There are also commands to display various SoC registers for low-level debugging; for example, --xb-status, --gsp-status, --pci-status.

8.1.4. Dump tile memory

The --dump-mem command displays the contents of memory on the specified tile. It takes three arguments: the tile number, the start address and the number of bytes to display.

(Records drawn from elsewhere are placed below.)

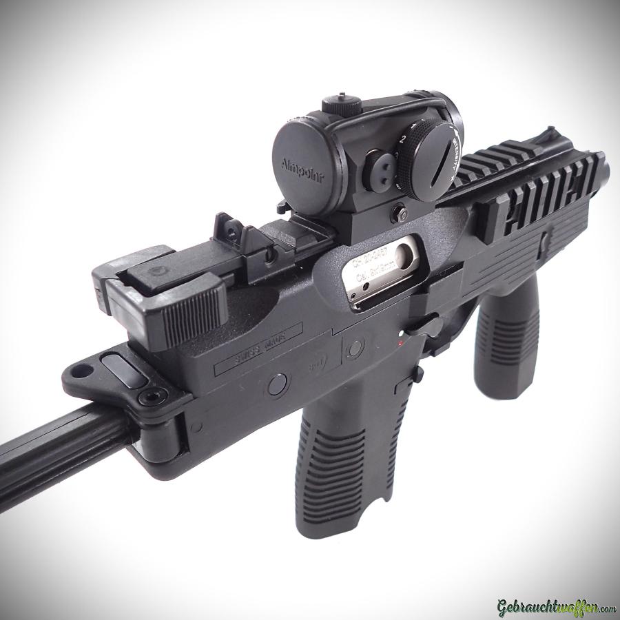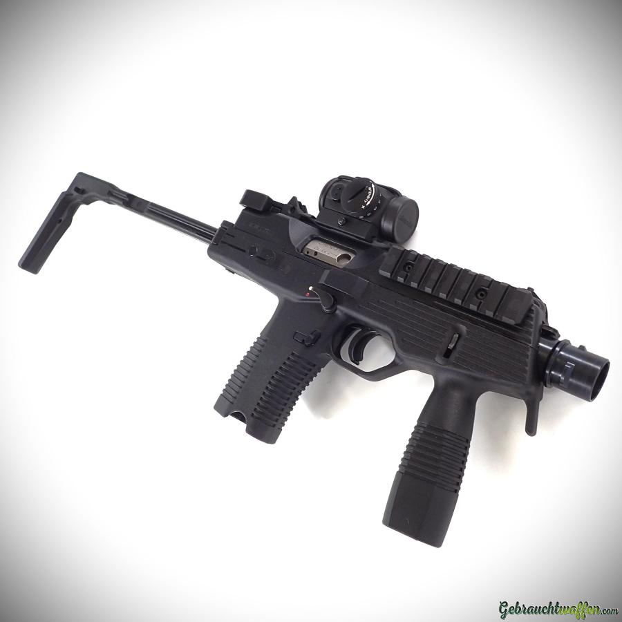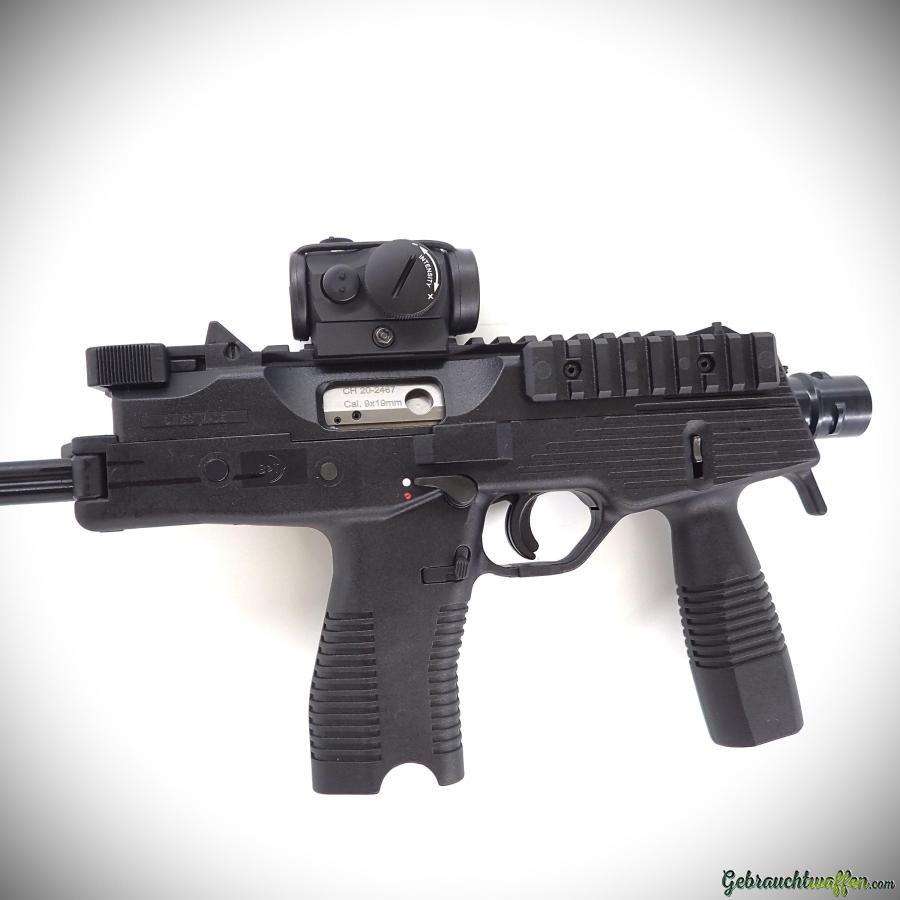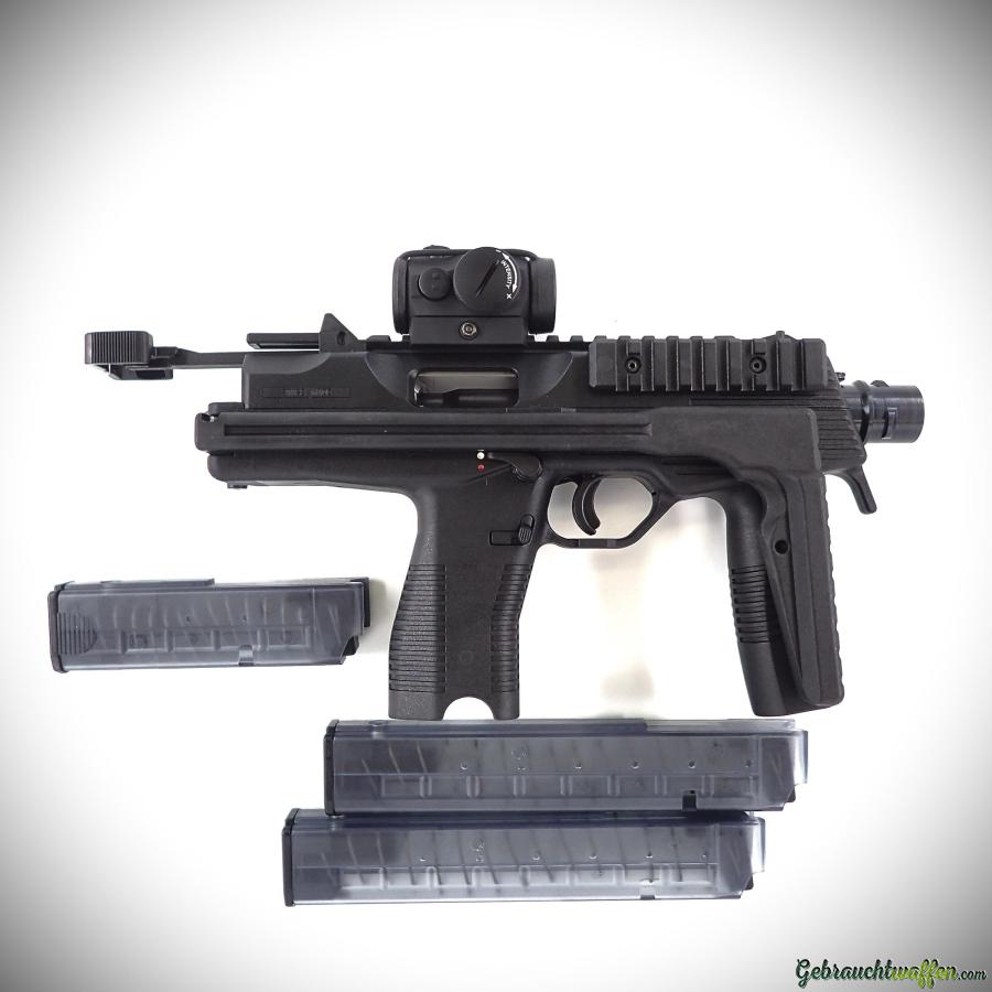 B&T pistol mod. TP9, cal. 9mmP, with folding stock, equipped with Aimpoint red dot, new second-hand, never fired, delivered with box, accessories, manual and 3 magazines (1x 20-shot, 2 x 30-shot).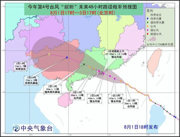 大風預報:8月1日20時至2日20時,臺灣海峽南部、南海中部偏北海域、廣東西部沿海、海南東部沿海、福建南部沿海將有7-8級大風,陣風9-10級;南海北部的大部海面、廣東中東部沿海及珠三角地區(qū)將有9-12級大風,“妮妲”中心經過的附近海面和地區(qū)風力13-15級,陣風可達16級。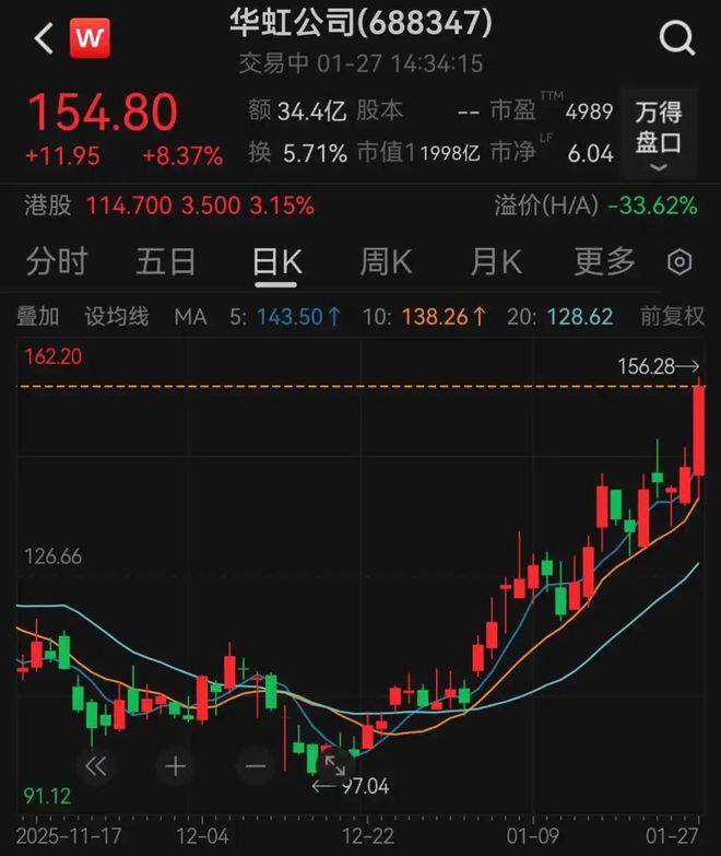 1月27日午后,半导体晶圆代工龙头华虹公司一度涨超9%,股价上扬至156.28元/股,再创历史新高。 ...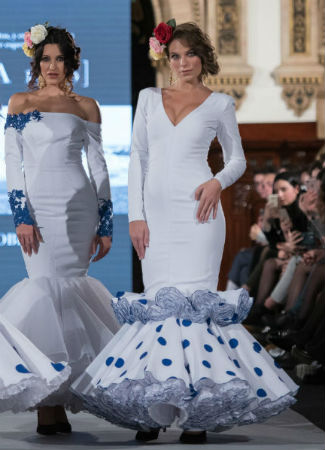 En 2018 la tendencia de las mangas del traje de flamenca sin volantes se implanta de forma definitiva. Más cómodas, estilosas y permite que el traje se lleve el protagonismo en la falda o a otros detalles. Cuestión de gustos. Estos diseños son del ganador del certamen de noveles de la provincia de Sevilla 2017, Daniel Robles, que ha debutado en We Love Flamenco 2018. Foto: Aníbal González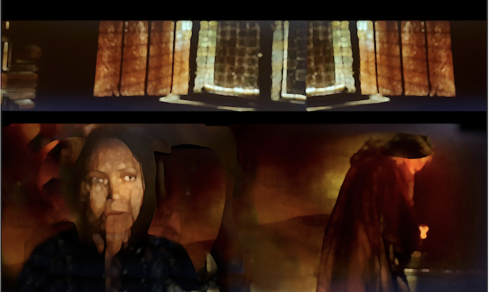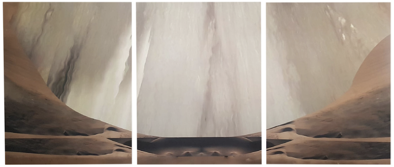 Nella grande sala espositiva attraggono l’attenzione tre pannelli, posizionati non in linea retta, ma un pannello è al centro e due sono ai lati a fare da quinte diagonali, così da formare un paesaggio entro il quale anche l’osservatore sembra potersi avventurare. Guardando il trittico colpisce la sensazione di uno spazio senza limiti, uno spazio che prosegue all’infinito oltre il quadro.Passeggiando tra queste dune dai riflessi lunari Zenone maturerà la difficile decisione di non sfuggire al suo Destino. Davanti al trittico è collocata un’altra raffinatissima opera di grande effetto nella quale il sonno di Zenone tra le dune, sonno di inconscia elaborazione di tutta una vita, viene immaginato e rappresentato come una miriade di sottili fili. luminosi che s’intrecciano nello spazio buio.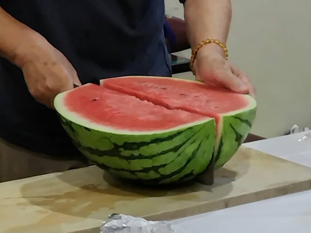 丸ごと届いたスイカは刃渡り40cmの大きな菜切包丁(私物)が必要なほど大きかったです。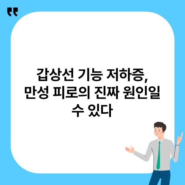 연구에 따르면, 갑상선 기능 저하증 환자의 50% 이상이 만성 피로를 호소합니다. 이로 인해 갑상선 기능을 확인하는 것이 중요하며, 적절한 치료가 필요합니다.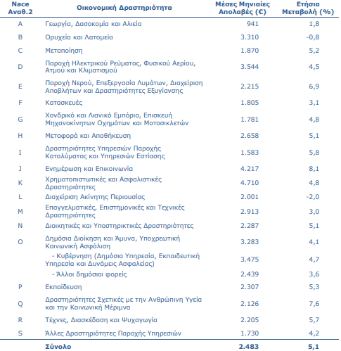 Οι μέσες ακαθάριστες μηνιαίες απολαβές κατά κλάδο οικονομικής δραστηριότητας, για το 2024, κυμαίνονται μεταξύ €941 στον τομέα της Γεωργίας, Δασοκομίας και Αλιείας και €4.710 στον τομέα των Χρηματοπιστωτικών και Ασφαλιστικών Δραστηριοτήτων.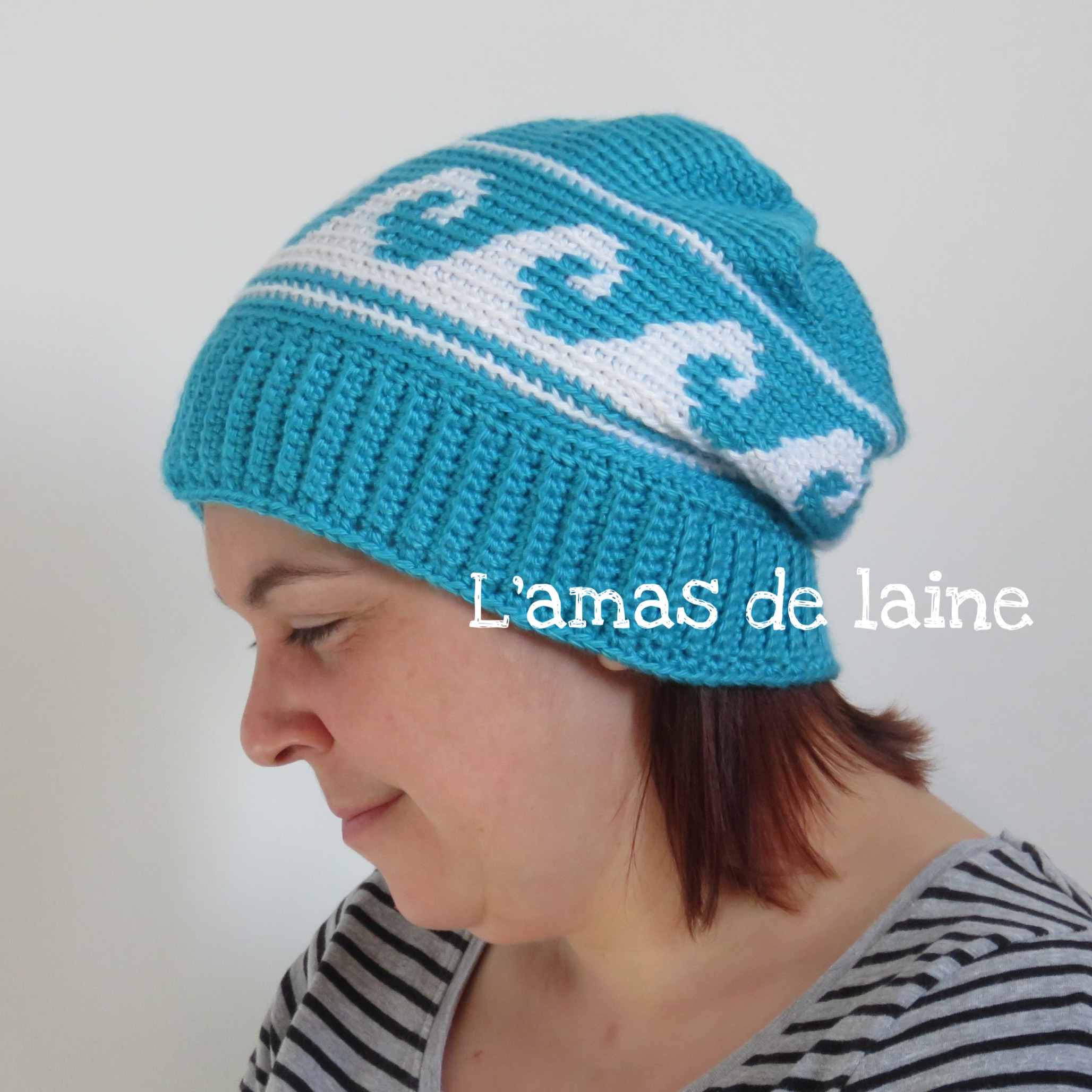 Océanie is a slouchy type hat that uses the crochet tapestry technique. No worries, the pattern includes tutorials to guide you.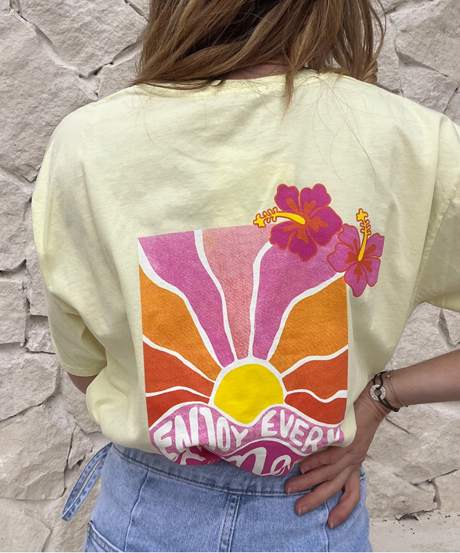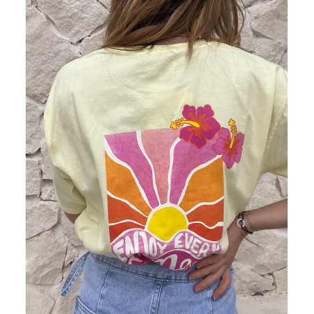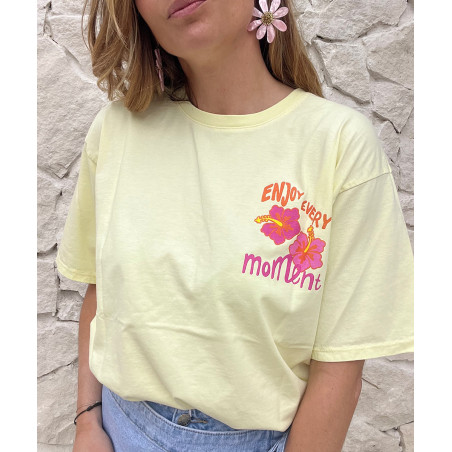 Tee-shirt jaune Enjoy every moment, 100% coton, look oversize. Taille unique, convient du 34 au 44.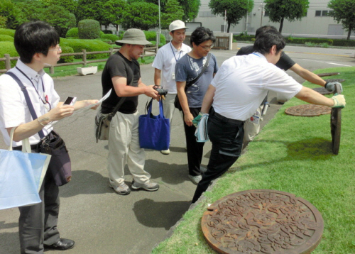 | 맨홀 뚜껑 판매 현장. 멀리 도쿄에서도 뚜껑을 구매하기 위해 이곳을 찾았다. |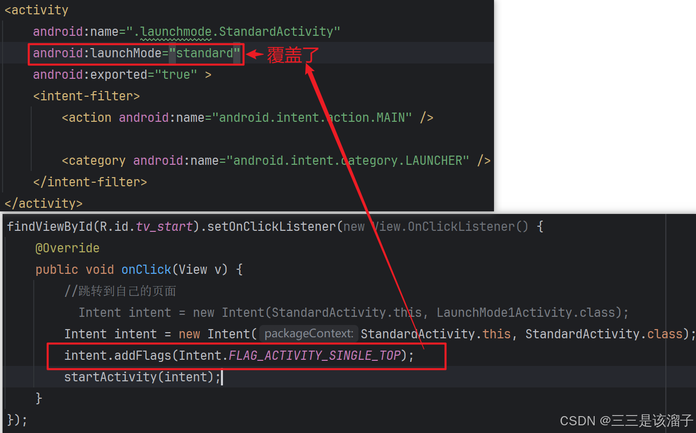 Intent intent = new Intent(LaunchMode2Activity.this, StandardActivity.class);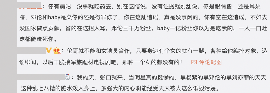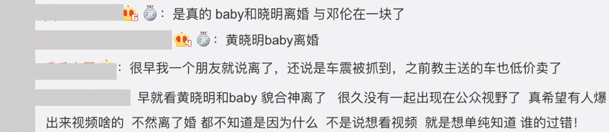 然而這則消息也引起許多人討論,有一派的網友認為這根本是無稽之談,紛紛留言:「你有病吧,沒事就吃藥去,別在這瞎說,沒有證據就別亂說」、「倫哥就不能和女演員合作,只要身邊有個女的就有一腿,各種給他編排對象,造謠緋聞」、「我的天,張口就來。當明星真的挺慘的」,但也有網友認為真有此事,留言寫下:「很早我一個朋友就說離了,還說是車震被抓到,之前教主送的車也低價賣了」、「早就看黃曉明和baby 貌合神離了」、「是真的 baby和曉明離婚 與鄧倫在一塊了」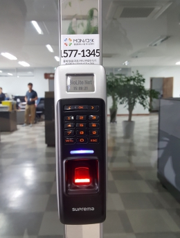 지문인식기를 통한 출입통제단말기FingkeyAccess설치개소1개소일자2016-09-06장소서울시 강남구목적지문인식기를 통한 출입통제 -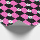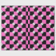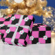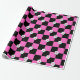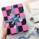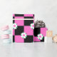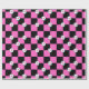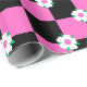 Un ilustracion sencillo y simétrico de flores en un tablero de ajedrez, de colores rosa y negro.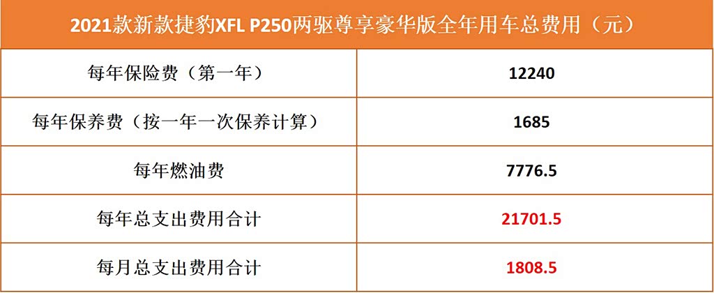 我们最后来看下新款捷豹XFL一年用车成本总共多少?第一年保险费用共为12240元;而保养费用我们按照一年保养一次来计算的话,平均为1685元;总燃油费共为7776.5元;那么一年所产生的必要花费共为21701.5元左右。一年用车总成本平摊到每月,月均成本为1808.5元左右,整体每月花费还行,并没有很大压力。
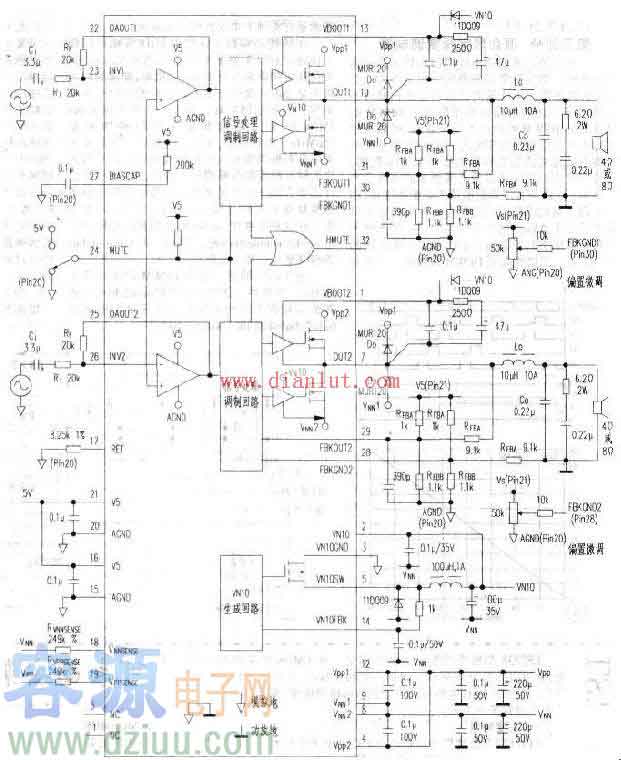 該器件輸出級以雙電源供電,電源電壓范圍為VPP:+23.6V-+36V;VNN;-22.4V—-36.6V。每個通道在4Ω負載上輸出可達100W功率。在25W時具有0.015%THD,60W時上升至0.1%。具備抑制開通。關斷噪聲、中點電壓調節、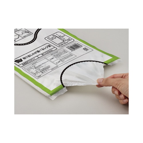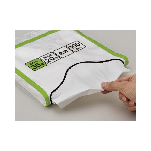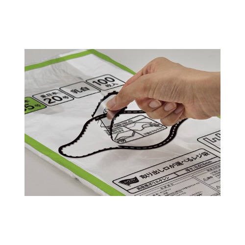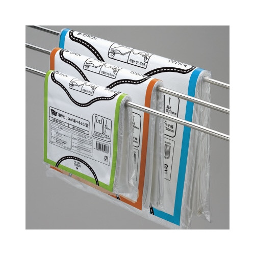 レジ袋の取り出し口が選べるから保管スペースに合わせて使えます!さらにパッケージの色分けで号数が一目瞭然!取っ手付きで結びやすいのでゴミ袋としても便利です。 |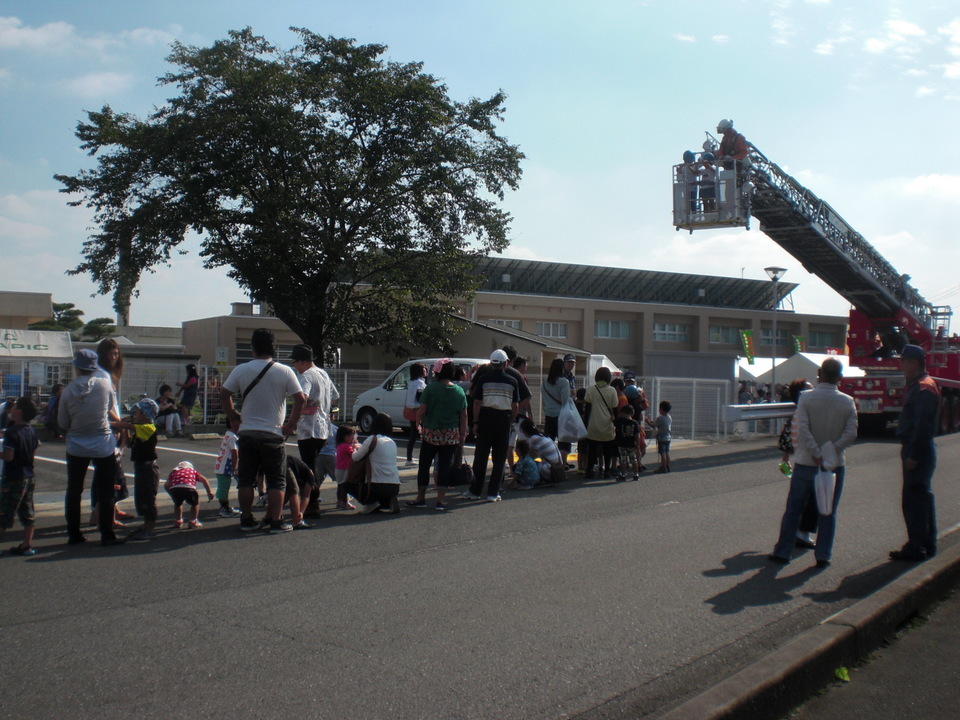 ちびっこ達には消防車による展望が大人気で長蛇の列だった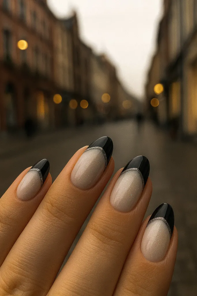 These short almond nails feature bold black French tips with a silver glitter accent—modern, edgy, and sophisticated. Honestly, I’d wear this design all year long.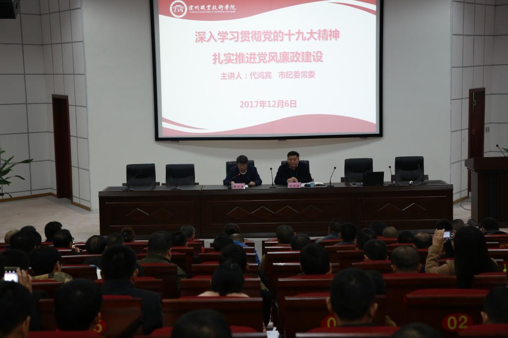 本站讯(信息来源:纪检监察处、宣传统战部)2017年12月6日下午,泸州市纪委常委代鸿宾在学院求实厅为学院党委中心组全体成员暨学院举办泸州市第16期中学校长任职资格培训班学员作党风廉政建设专题报告。代鸿宾常委强调,要深入学习贯彻党的十大九精神,落实全面从严治党要求,扎实推进党风廉政建设,切实构筑不想腐的堤坝,增强廉洁自律和拒腐防变的能力。学院院长贺元成主持报告会。

For example, the following command dumps 16 bytes of memory from address 0x4c000 on tile 0:

$ gc-info --device-id 0 --dump-mem 0 0x4c000 16

8.2. Usage

8.2.1. Commands

-l, --list-devices

List devices

-a, --list-all-devices

List all devices

--chip-id

Show IPU chip ID

-t {tile_id}, --tile-status {tile_id}

Tile register dump

-k, --tile-clock-speed

Tile clock speed

-i, --device-info

Device info

-m {arg}, --dump-mem {arg}

{tile_num} {start_address} {size_in_bytes}

--tr-status

Trunk Router status

-x, --xb-status

XB status

--gsp-status

GSPs status

--nlc-status

NLCs status

--pci-status

SoC PCI status registers

--ss-status

System services registers

--sxp-status

Secure exchange pipe registers

--ipu-arch

Display IPU arch name

--ipu-count

Display the number of IPUs installed

-r {arg}, --register {arg}

Select register to print from tiles (‘-‘ is all registers) (default: -)

-c {arg}, --context {arg}

Select register context (‘-‘ is supervisor and TDI) (default: -)

--group-output

Set to group tile status output by value. Only valid with –register

--phy-summary

PCI PHY summary

--phy-dump

PCI PHY dump

--show-insn

List the instruction at the current supervisor’s $PC, for all tiles.

--tile-overview

Show an overview of the state of all tiles.

--fw-pub-keys

Display part of firmware public keys

--remote-id {arg}

Remote device id in format HOSTNAME:DEVICE_ID

-j, --json-output

Emit JSON output

-h, --help

Produce help message

--version

Version number

8.2.2. Command options

-s, --disassemble

Disassemble memory dump

-d {id}, --device-id {id}

Device id

8.2.3. Examples

gc-info --list-devices
gc-info --device-id {id} --tile-status {tile_num}
gc-info --device-id {id} --tile-status {tile_num} --register {reg}
gc-info --device-id {id} --tile-status {tile_num} --context - --register {reg}
gc-info --device-id {id} --tile-status {tile_num} --context SU --register {reg}
gc-info --device-id {id} --tile-status {tile_num} --context W0 --register {reg}
gc-info --device-id {id} --tile-status {tile_num} --context TDI --register {reg}
gc-info --device-id {id} --tile-status {tile_num} --context 0 --register {reg}
gc-info --device-id {id} --device-info
gc-info --device-id {id} --dump-mem {tile_num} {start_address} {size_in_bytes} [--disassemble]
gc-info --device-id {id} --xb-status
gc-info --device-id {id} --gsp-status
gc-info --device-id {id} --show-insn
gc-info --device-id {id} --fw-pub-keys

8.3. Glossary

External exchange

Data communication between IPUs or between an IPU and the host.

GSP

Global Sync Peripheral. An IPU subsystem that manages the synchronization of IPUs over multiple PCI cards.

NLC

Network Link Controller. The interface between a PCI controller used for external exchange and a trunk router.

PCI

Peripheral Component Interconnect. The bus standard used for connecting IPUs to the host, and for IPU-Links between IPUs.

SoC

System on Chip. A device, such as the IPU, that contains processor, memory, external interfaces and on-chip peripherals,

SS

System services registers.

Supertile

A group of four colocated tiles.

TDI

Tile debug interface.

TR

Trunk Router. Connects exchange traffic between the exchange block and the PCI controller.

XB

Exchange block. A subsystem that manages external exchange on behalf of the tiles in the IPU.